- [Information shown]:
#####
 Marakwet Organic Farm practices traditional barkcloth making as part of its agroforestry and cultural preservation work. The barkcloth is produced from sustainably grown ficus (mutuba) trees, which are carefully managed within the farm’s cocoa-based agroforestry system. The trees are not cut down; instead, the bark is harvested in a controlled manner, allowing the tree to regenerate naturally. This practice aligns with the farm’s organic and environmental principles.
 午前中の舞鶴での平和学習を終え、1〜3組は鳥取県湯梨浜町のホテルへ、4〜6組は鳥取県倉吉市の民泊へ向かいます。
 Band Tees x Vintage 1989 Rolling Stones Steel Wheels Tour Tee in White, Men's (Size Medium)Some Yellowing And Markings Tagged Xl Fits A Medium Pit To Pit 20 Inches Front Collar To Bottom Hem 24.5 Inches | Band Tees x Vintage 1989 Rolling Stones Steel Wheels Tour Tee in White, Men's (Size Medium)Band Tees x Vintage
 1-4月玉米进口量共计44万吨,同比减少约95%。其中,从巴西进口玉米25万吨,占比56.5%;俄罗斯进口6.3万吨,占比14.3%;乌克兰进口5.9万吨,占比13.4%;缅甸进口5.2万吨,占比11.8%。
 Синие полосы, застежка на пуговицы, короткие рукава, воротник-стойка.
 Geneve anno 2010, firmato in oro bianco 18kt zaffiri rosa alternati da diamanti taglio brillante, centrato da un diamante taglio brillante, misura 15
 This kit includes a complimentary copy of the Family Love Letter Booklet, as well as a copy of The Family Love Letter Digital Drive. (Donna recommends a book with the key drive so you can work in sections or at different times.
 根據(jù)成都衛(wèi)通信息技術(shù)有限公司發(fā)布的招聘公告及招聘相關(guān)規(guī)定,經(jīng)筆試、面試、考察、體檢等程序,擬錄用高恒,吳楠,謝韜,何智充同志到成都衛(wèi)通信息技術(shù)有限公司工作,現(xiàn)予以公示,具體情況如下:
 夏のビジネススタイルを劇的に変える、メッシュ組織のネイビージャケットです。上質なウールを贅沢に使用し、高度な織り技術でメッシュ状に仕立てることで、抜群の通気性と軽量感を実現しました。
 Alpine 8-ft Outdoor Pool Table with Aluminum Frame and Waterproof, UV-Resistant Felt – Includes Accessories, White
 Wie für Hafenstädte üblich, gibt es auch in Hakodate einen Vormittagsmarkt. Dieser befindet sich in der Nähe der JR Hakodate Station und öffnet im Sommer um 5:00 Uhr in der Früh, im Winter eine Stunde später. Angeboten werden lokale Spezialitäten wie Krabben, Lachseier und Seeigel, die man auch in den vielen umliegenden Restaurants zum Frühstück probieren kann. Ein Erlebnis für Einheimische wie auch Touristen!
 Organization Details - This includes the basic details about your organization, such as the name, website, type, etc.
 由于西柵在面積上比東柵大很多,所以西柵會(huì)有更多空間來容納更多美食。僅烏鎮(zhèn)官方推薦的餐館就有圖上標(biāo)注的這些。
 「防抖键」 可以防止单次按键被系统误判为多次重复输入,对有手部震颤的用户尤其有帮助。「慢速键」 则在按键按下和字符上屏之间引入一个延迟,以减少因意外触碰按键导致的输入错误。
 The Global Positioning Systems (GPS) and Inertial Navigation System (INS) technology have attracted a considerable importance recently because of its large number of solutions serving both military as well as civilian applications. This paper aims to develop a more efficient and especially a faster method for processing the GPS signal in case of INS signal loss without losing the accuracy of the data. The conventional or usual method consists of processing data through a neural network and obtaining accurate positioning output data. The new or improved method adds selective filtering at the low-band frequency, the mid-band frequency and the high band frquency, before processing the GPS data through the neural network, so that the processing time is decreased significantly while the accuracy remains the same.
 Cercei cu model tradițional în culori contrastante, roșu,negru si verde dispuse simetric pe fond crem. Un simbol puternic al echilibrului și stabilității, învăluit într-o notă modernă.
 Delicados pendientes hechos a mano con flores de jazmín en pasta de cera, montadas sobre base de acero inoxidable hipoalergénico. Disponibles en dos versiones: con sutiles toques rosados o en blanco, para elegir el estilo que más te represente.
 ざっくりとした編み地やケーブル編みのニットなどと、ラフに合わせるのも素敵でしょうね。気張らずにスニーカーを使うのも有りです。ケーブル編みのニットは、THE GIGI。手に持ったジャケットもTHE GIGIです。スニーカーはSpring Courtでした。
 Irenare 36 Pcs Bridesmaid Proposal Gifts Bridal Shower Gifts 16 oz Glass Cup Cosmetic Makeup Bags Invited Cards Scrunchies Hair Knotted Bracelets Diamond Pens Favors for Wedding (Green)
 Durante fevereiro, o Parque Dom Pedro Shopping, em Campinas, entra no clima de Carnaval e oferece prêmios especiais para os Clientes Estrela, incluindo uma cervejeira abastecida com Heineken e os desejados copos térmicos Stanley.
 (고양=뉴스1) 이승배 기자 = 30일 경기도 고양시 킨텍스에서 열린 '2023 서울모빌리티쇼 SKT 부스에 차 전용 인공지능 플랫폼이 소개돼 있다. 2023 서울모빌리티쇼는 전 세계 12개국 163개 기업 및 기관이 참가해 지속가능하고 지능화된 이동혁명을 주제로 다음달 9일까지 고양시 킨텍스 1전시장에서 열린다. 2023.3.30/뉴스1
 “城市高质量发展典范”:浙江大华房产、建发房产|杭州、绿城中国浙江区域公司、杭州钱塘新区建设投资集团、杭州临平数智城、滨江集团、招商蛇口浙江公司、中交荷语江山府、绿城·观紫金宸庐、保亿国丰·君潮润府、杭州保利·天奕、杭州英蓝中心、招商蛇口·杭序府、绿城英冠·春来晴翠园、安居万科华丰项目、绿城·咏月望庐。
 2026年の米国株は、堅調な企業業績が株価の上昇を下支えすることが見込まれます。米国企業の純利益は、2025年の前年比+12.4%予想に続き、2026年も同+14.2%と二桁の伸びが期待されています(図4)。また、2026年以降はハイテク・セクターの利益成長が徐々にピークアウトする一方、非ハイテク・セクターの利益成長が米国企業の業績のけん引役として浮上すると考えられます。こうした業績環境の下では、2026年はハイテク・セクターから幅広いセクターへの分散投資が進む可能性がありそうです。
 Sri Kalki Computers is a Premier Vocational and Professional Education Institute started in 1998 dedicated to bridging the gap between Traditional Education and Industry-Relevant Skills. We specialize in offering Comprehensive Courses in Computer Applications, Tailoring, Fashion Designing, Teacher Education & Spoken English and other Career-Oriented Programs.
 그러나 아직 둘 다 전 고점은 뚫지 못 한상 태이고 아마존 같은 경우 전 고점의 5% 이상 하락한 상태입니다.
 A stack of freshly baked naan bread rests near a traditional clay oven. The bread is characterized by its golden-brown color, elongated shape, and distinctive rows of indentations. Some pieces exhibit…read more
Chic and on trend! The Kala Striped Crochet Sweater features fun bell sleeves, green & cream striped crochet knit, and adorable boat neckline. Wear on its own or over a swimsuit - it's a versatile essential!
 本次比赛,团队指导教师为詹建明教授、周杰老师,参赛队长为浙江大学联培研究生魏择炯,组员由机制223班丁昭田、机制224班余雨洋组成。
#####
- [Brief]: Retype all of the lines shown above, keeping each one exact.

- [Result for this task]:
 Marakwet Organic Farm practices traditional barkcloth making as part of its agroforestry and cultural preservation work. The barkcloth is produced from sustainably grown ficus (mutuba) trees, which are carefully managed within the farm’s cocoa-based agroforestry system. The trees are not cut down; instead, the bark is harvested in a controlled manner, allowing the tree to regenerate naturally. This practice aligns with the farm’s organic and environmental principles.
 午前中の舞鶴での平和学習を終え、1〜3組は鳥取県湯梨浜町のホテルへ、4〜6組は鳥取県倉吉市の民泊へ向かいます。
 Band Tees x Vintage 1989 Rolling Stones Steel Wheels Tour Tee in White, Men's (Size Medium)Some Yellowing And Markings Tagged Xl Fits A Medium Pit To Pit 20 Inches Front Collar To Bottom Hem 24.5 Inches | Band Tees x Vintage 1989 Rolling Stones Steel Wheels Tour Tee in White, Men's (Size Medium)Band Tees x Vintage
 1-4月玉米进口量共计44万吨,同比减少约95%。其中,从巴西进口玉米25万吨,占比56.5%;俄罗斯进口6.3万吨,占比14.3%;乌克兰进口5.9万吨,占比13.4%;缅甸进口5.2万吨,占比11.8%。
 Синие полосы, застежка на пуговицы, короткие рукава, воротник-стойка.
 Geneve anno 2010, firmato in oro bianco 18kt zaffiri rosa alternati da diamanti taglio brillante, centrato da un diamante taglio brillante, misura 15
 This kit includes a complimentary copy of the Family Love Letter Booklet, as well as a copy of The Family Love Letter Digital Drive. (Donna recommends a book with the key drive so you can work in sections or at different times.
 根據(jù)成都衛(wèi)通信息技術(shù)有限公司發(fā)布的招聘公告及招聘相關(guān)規(guī)定,經(jīng)筆試、面試、考察、體檢等程序,擬錄用高恒,吳楠,謝韜,何智充同志到成都衛(wèi)通信息技術(shù)有限公司工作,現(xiàn)予以公示,具體情況如下:
 夏のビジネススタイルを劇的に変える、メッシュ組織のネイビージャケットです。上質なウールを贅沢に使用し、高度な織り技術でメッシュ状に仕立てることで、抜群の通気性と軽量感を実現しました。
 Alpine 8-ft Outdoor Pool Table with Aluminum Frame and Waterproof, UV-Resistant Felt – Includes Accessories, White
 Wie für Hafenstädte üblich, gibt es auch in Hakodate einen Vormittagsmarkt. Dieser befindet sich in der Nähe der JR Hakodate Station und öffnet im Sommer um 5:00 Uhr in der Früh, im Winter eine Stunde später. Angeboten werden lokale Spezialitäten wie Krabben, Lachseier und Seeigel, die man auch in den vielen umliegenden Restaurants zum Frühstück probieren kann. Ein Erlebnis für Einheimische wie auch Touristen!
 Organization Details - This includes the basic details about your organization, such as the name, website, type, etc.
 由于西柵在面積上比東柵大很多,所以西柵會(huì)有更多空間來容納更多美食。僅烏鎮(zhèn)官方推薦的餐館就有圖上標(biāo)注的這些。
 「防抖键」 可以防止单次按键被系统误判为多次重复输入,对有手部震颤的用户尤其有帮助。「慢速键」 则在按键按下和字符上屏之间引入一个延迟,以减少因意外触碰按键导致的输入错误。
 The Global Positioning Systems (GPS) and Inertial Navigation System (INS) technology have attracted a considerable importance recently because of its large number of solutions serving both military as well as civilian applications. This paper aims to develop a more efficient and especially a faster method for processing the GPS signal in case of INS signal loss without losing the accuracy of the data. The conventional or usual method consists of processing data through a neural network and obtaining accurate positioning output data. The new or improved method adds selective filtering at the low-band frequency, the mid-band frequency and the high band frquency, before processing the GPS data through the neural network, so that the processing time is decreased significantly while the accuracy remains the same.
 Cercei cu model tradițional în culori contrastante, roșu,negru si verde dispuse simetric pe fond crem. Un simbol puternic al echilibrului și stabilității, învăluit într-o notă modernă.
 Delicados pendientes hechos a mano con flores de jazmín en pasta de cera, montadas sobre base de acero inoxidable hipoalergénico. Disponibles en dos versiones: con sutiles toques rosados o en blanco, para elegir el estilo que más te represente.
 ざっくりとした編み地やケーブル編みのニットなどと、ラフに合わせるのも素敵でしょうね。気張らずにスニーカーを使うのも有りです。ケーブル編みのニットは、THE GIGI。手に持ったジャケットもTHE GIGIです。スニーカーはSpring Courtでした。
 Irenare 36 Pcs Bridesmaid Proposal Gifts Bridal Shower Gifts 16 oz Glass Cup Cosmetic Makeup Bags Invited Cards Scrunchies Hair Knotted Bracelets Diamond Pens Favors for Wedding (Green)
 Durante fevereiro, o Parque Dom Pedro Shopping, em Campinas, entra no clima de Carnaval e oferece prêmios especiais para os Clientes Estrela, incluindo uma cervejeira abastecida com Heineken e os desejados copos térmicos Stanley.
 (고양=뉴스1) 이승배 기자 = 30일 경기도 고양시 킨텍스에서 열린 '2023 서울모빌리티쇼 SKT 부스에 차 전용 인공지능 플랫폼이 소개돼 있다. 2023 서울모빌리티쇼는 전 세계 12개국 163개 기업 및 기관이 참가해 지속가능하고 지능화된 이동혁명을 주제로 다음달 9일까지 고양시 킨텍스 1전시장에서 열린다. 2023.3.30/뉴스1
 “城市高质量发展典范”:浙江大华房产、建发房产|杭州、绿城中国浙江区域公司、杭州钱塘新区建设投资集团、杭州临平数智城、滨江集团、招商蛇口浙江公司、中交荷语江山府、绿城·观紫金宸庐、保亿国丰·君潮润府、杭州保利·天奕、杭州英蓝中心、招商蛇口·杭序府、绿城英冠·春来晴翠园、安居万科华丰项目、绿城·咏月望庐。
 2026年の米国株は、堅調な企業業績が株価の上昇を下支えすることが見込まれます。米国企業の純利益は、2025年の前年比+12.4%予想に続き、2026年も同+14.2%と二桁の伸びが期待されています(図4)。また、2026年以降はハイテク・セクターの利益成長が徐々にピークアウトする一方、非ハイテク・セクターの利益成長が米国企業の業績のけん引役として浮上すると考えられます。こうした業績環境の下では、2026年はハイテク・セクターから幅広いセクターへの分散投資が進む可能性がありそうです。
 Sri Kalki Computers is a Premier Vocational and Professional Education Institute started in 1998 dedicated to bridging the gap between Traditional Education and Industry-Relevant Skills. We specialize in offering Comprehensive Courses in Computer Applications, Tailoring, Fashion Designing, Teacher Education & Spoken English and other Career-Oriented Programs.
 그러나 아직 둘 다 전 고점은 뚫지 못 한상 태이고 아마존 같은 경우 전 고점의 5% 이상 하락한 상태입니다.
 A stack of freshly baked naan bread rests near a traditional clay oven. The bread is characterized by its golden-brown color, elongated shape, and distinctive rows of indentations. Some pieces exhibit…read more
Chic and on trend! The Kala Striped Crochet Sweater features fun bell sleeves, green & cream striped crochet knit, and adorable boat neckline. Wear on its own or over a swimsuit - it's a versatile essential!
 本次比赛,团队指导教师为詹建明教授、周杰老师,参赛队长为浙江大学联培研究生魏择炯,组员由机制223班丁昭田、机制224班余雨洋组成。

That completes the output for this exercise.